Trump stated in a filing with the Securities and Exchange Commission later Friday that it issued that answer on its Truth Social platform as well as other channels.

“Rather than support our common-sense efforts to promote transparency and compliance, Citadel Securities bizarrely targeted our CEO with an unhinged attack,” the company stated in its filing.

The same day Trump Media alerted the SEC that it had sent shareholders precise instructions on how to prevent short sellers speculating on the stock’s decline, Nunes wrote a letter to Nasdaq CEO Adena Friedman.

While Trump Media’s stock has climbed considerably in the last three days, it remains significantly lower than its inaugural opening price on March 26.

The company, which owns Truth Social and had only $4.1 million in revenue last year, has seen its market capitalization fall by billions of dollars as a result of the share price decrease.

In his letter to Friedman, Nunes stated: “I write to bring your attention to potential market manipulation of the stock of Trump Media & Technology Group Corp.”
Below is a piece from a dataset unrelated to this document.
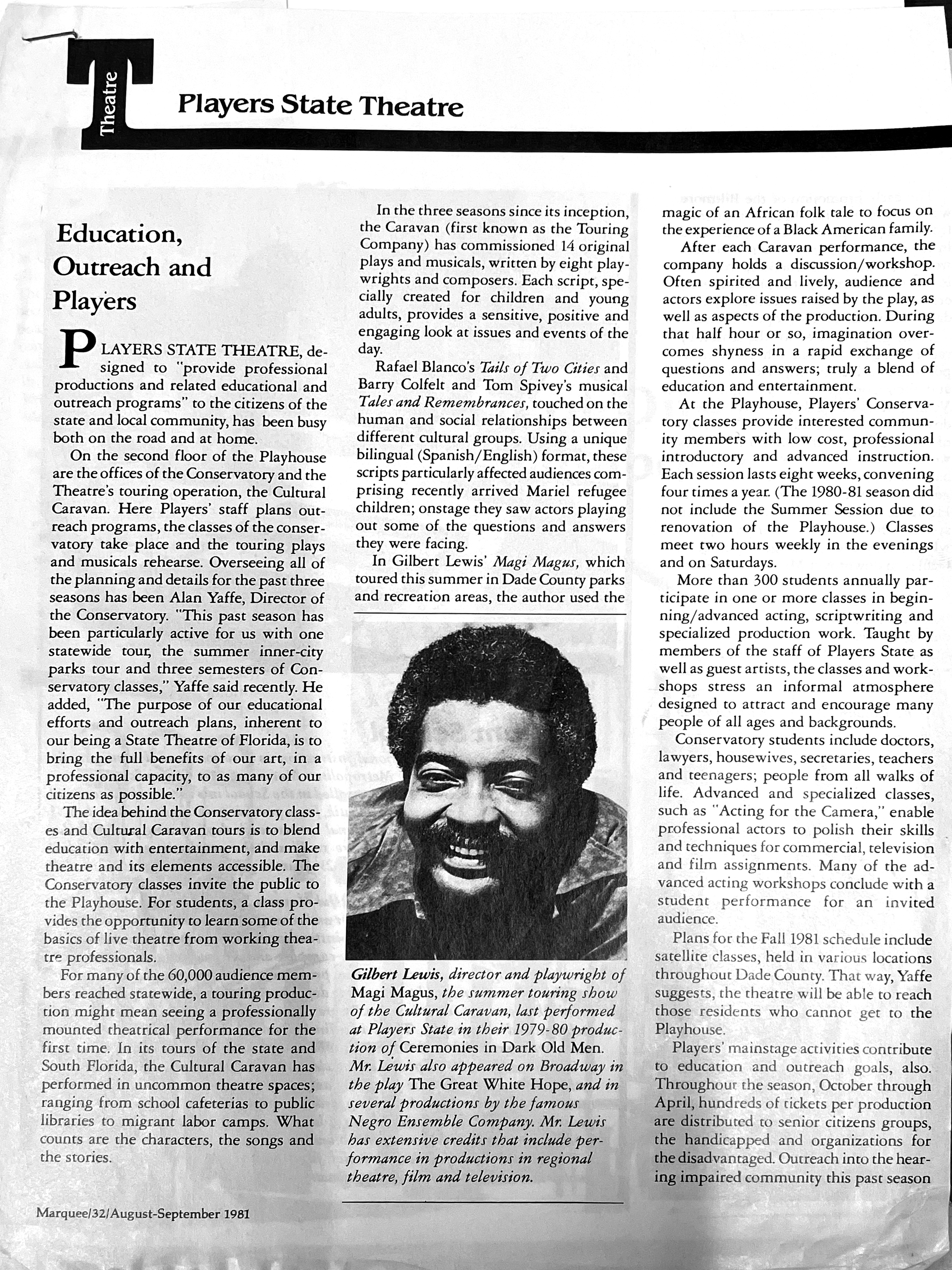 Players State Theatre's Education Programs--Conservatory and Cultural Caravan

Nunes asserted that traders used Trump Media’s price for naked short selling, a practice in which the seller did not borrow the shares for the transaction.

Nunes stated that brokers had a “significant financial incentive to lend non-existent shares” to short sellers due to the exceptionally large premiums they could demand for such loans of Trump Media shares.

“Data made available to us indicate that just four market participants have been responsible for over 60% of the extraordinary volume of DJT shares traded: Citadel Securities, VIRTU Americas, G1 Execution Services, and Jane Street Capital,” Nunes said in a statement.